(TASK GOAL):
Return the lines of the material below exactly, beginning with the line that has "У класичній гостьовій" in it and finishing with the line that has "Rivestimento per caldaia" in it. Leave all pictures aside.
___ EXERCISE DATA
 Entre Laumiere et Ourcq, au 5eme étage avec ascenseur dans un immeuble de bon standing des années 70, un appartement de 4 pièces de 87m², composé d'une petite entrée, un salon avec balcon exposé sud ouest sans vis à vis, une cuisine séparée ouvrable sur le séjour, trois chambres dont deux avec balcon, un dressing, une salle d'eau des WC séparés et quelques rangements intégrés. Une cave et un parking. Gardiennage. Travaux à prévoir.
______
___ EXERCISE DATA
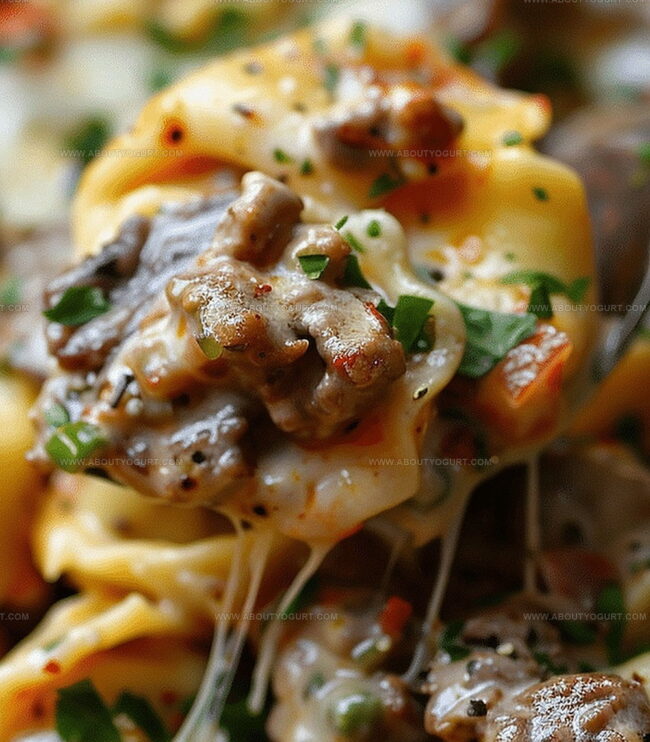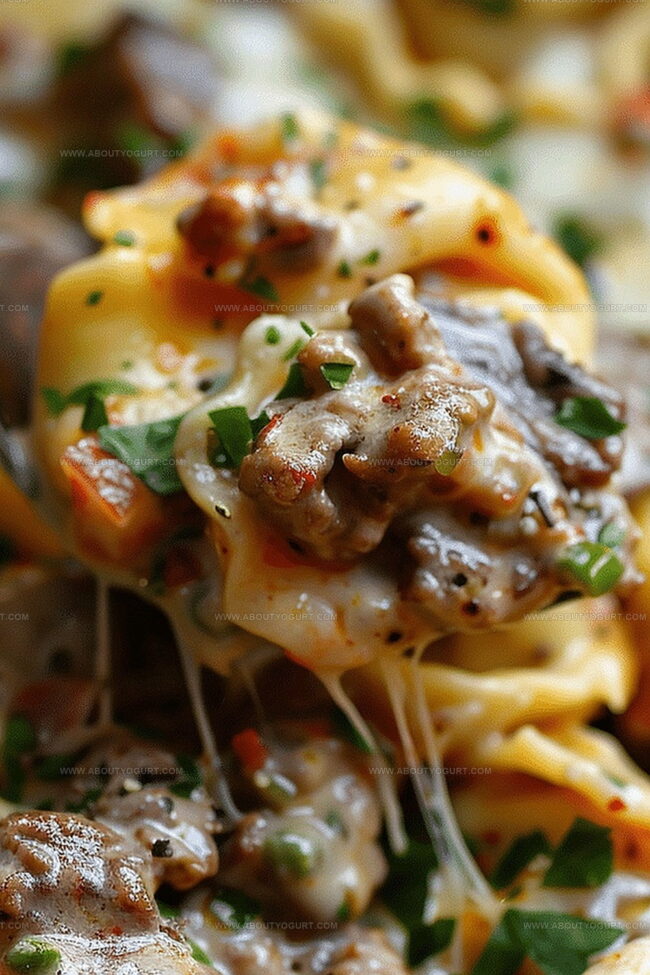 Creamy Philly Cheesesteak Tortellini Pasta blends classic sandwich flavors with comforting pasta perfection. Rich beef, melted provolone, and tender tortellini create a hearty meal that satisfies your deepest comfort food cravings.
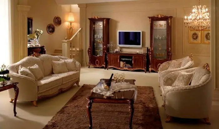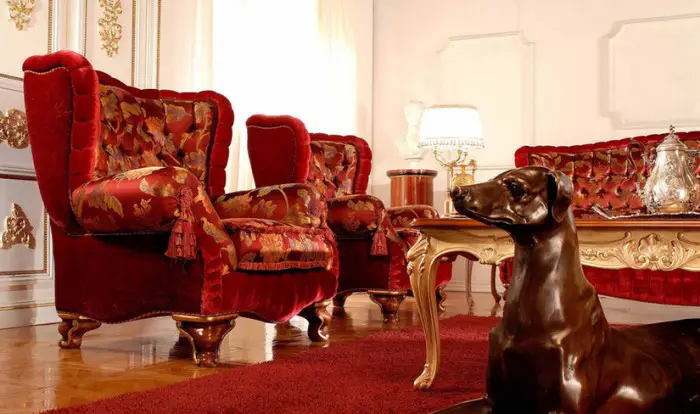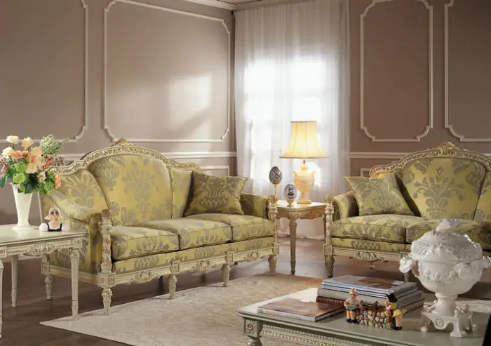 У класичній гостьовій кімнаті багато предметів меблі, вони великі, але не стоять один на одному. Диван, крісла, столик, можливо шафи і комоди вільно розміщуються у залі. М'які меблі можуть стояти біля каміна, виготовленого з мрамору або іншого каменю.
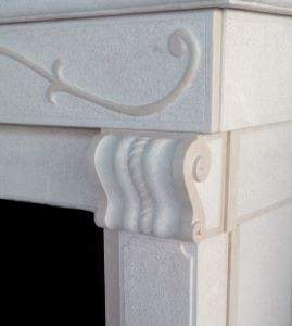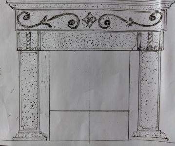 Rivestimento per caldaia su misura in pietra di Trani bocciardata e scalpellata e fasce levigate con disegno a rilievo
______
(WRITTEN SOLUTION):
 У класичній гостьовій кімнаті багато предметів меблі, вони великі, але не стоять один на одному. Диван, крісла, столик, можливо шафи і комоди вільно розміщуються у залі. М'які меблі можуть стояти біля каміна, виготовленого з мрамору або іншого каменю.
 Rivestimento per caldaia su misura in pietra di Trani bocciardata e scalpellata e fasce levigate con disegno a rilievo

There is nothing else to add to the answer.